Because lawmakers don't get any credit when the laws are enforced! They don't get to have press conferences, and sign things, and put their names on things, and see the newspapers talk about them! To keep up the flow of attention necessary to feed their addiction to media coverage, they have to keep 'doing things'. To feed the Reelection Beast, they have to present their constituents with a 'What I Did This Congressional Term' essay in the form of a political campaign.

You see, if they ever stopped the flow of marginally enforceable and dubiously useful new laws streaming constantly into existence, we might notice that we don't actually need them as much as they'd like us to, and they all might have to get real jobs to fill up the extra time.

Adrienne Sanders 8 years, 10 months ago

If bars close at midnight, the violence is going to spread out into the neighborhoods as people have more house- and/or after-parties. Then the commission will have go get back to work on the whole evicting noisy people issue.

I wonder, if you asked a random sampling of 100 Lawrence residents, how many of them would actually say they don't feel safe downtown? I suspect the percentage would be pretty low compared to the big to-do being made about ONE incident.

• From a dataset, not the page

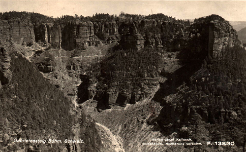 Historický záběr Českého Švýcarska po lesnické katastrofě: Následkem mniškové kalamity počátkem 20. let minulého století došlo k odumření lesů na 60 % území dnešního národního parku. Lidé se příliš nepoučili a založili nové smrkové monokultury (na snímku patrné jako řádky výsadeb).

Confrontation 8 years, 10 months ago

"Linda Day, a Lawrence resident, told commissioners that they needed to investigate whether specific bars were attracting violence. She also suggested they at least consider an earlier closing time for bars because many of the violent acts have happened in the early-morning hours."

I wonder when this woman last visited the downtown area at night? Sounds like she's been reading too many stupid posts on the LJWorld site. She's most likely old enough to be in bed by 9pm, with no clue about the nightlife of downtown. She should get back to her gardening and stereotyping, and voice her ignorant views to her cats.

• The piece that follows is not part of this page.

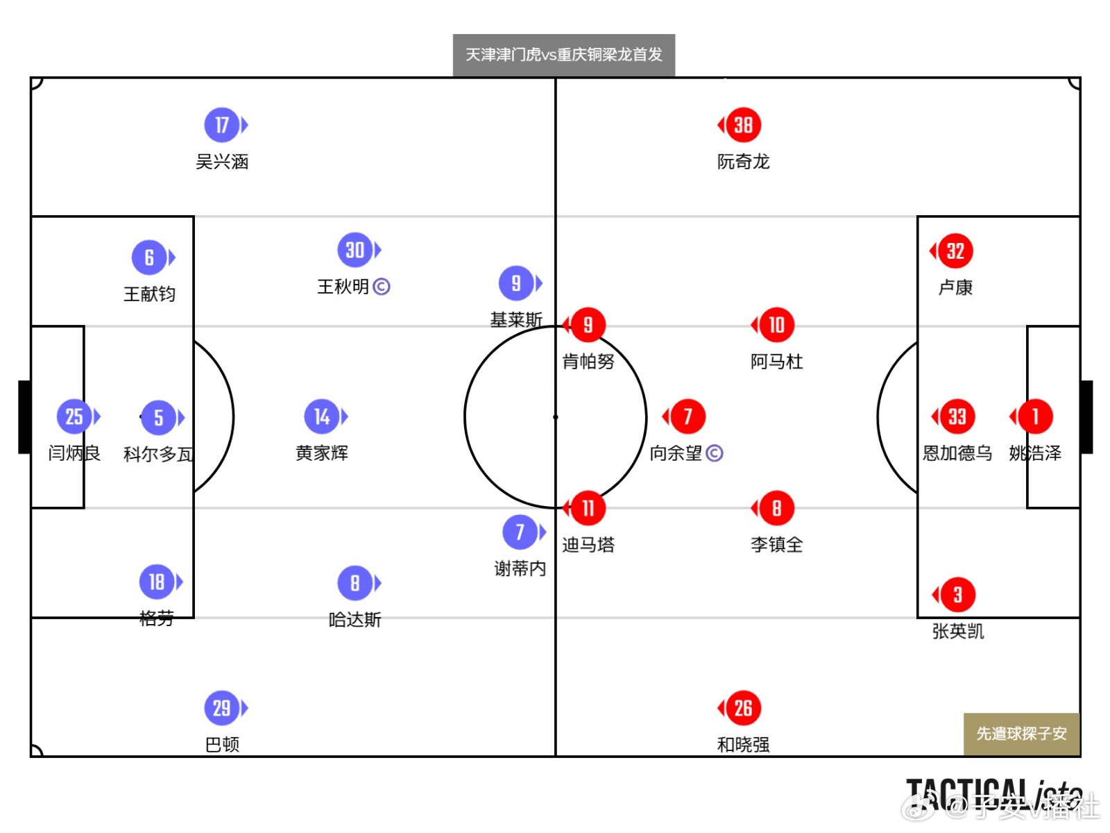先遣球探子安,评估球员位置属性,解析比赛进程。2026赛季中超第一轮,天津津门虎vs重庆铜梁龙🏟️双方首发阵容天津:5-3-2阵型(图1)重庆:5-4-1阵型(图2)

badger 8 years, 10 months ago

Well, PorkRibs, if you're saying that you will shoot someone in self-defense with a weapon you're carrying (perhaps legally, perhaps not) into a public place, and that it's your intent to kill that person, I don't think it will be up to any of us to defend you.

You'll need a lawyer for that, especially if you're carrying a concealed weapon without a permit. Most likely, I'd think that you wouldn't do much time, if any, but you'd still be a criminal just the same for violating the gun laws.

badger 8 years, 10 months ago

If you knowingly choose to break the law, you are also an 'actual criminal'. You don't just get to follow the laws you like because the other ones came from liberals. The difference between you and the guy who wants to hurt your family is a matter of the degree of disrespect you afford the law. In fact, if there's a guy out there who's going to snap and shoot up a restaurant you're in, right now you're more of a criminal than he is because you've already broken the law and he hasn't.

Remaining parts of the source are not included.